TitleIdiosyncratic and linguistic information in /s/ in telephone speech
Publication TypePresentation
Year of Publication2023
Conference NameDag van de Fonetiek 2023
AuthorsSmorenburg, Laura, and Willemijn Heeren
PublisherNederlandse Vereniging voor Fonetische Wetenschappen
Conference LocationUtrecht, The Netherlands
Abstract

Telephone speech can be characterised by a limited bandwidth, varying bitrates (in the case of mobile signals), and different speech behaviour. For vowels, formants that are situated near lower signal cut offs are shown to be affected (e.g., Künzel 2001). Investigating the effects of telephone filters is particularly relevant for forensic speaker comparisons, where wiretapped telephone conversations are commonly analyzed. However, not much is known about the effect of telephone filters on different consonants.
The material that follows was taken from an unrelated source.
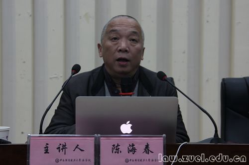 12月24日下午,法学院党委组织的“仰高线,知底线——关于两部党内法规的政策研究” 专题学习报告会在文泓楼学术报告厅举行。华中科技大学现代领导科学与艺术研究中心主任、公共管理学院博士生导师陈海春教授担任主讲人,我校法学院党委袁桂君副书记担任此次讲座的主持人。法学院教工党员和部分研究生党员参加了此次学习报告会。

In the current work, we investigated fricative /s/, which has been described to contain relatively high amounts of idiosyncratic information (Kavanagh, 2012; Van den Heuvel, 1996), even in narrowband telephone recordings where most of its high-frequency spectral characteristics are compromised (Smorenburg & Heeren, 2021). We annotated >100 /s/ tokens for 60 speakers of British English from the West Yorkshire Regional English Database (WYRED: Gold, 2020). These participants performed a forensic speech task in which they conversed over the telephone with an ‘accomplice’ and were recorded both over a microphone placed in front of them and wiretapped over the landline.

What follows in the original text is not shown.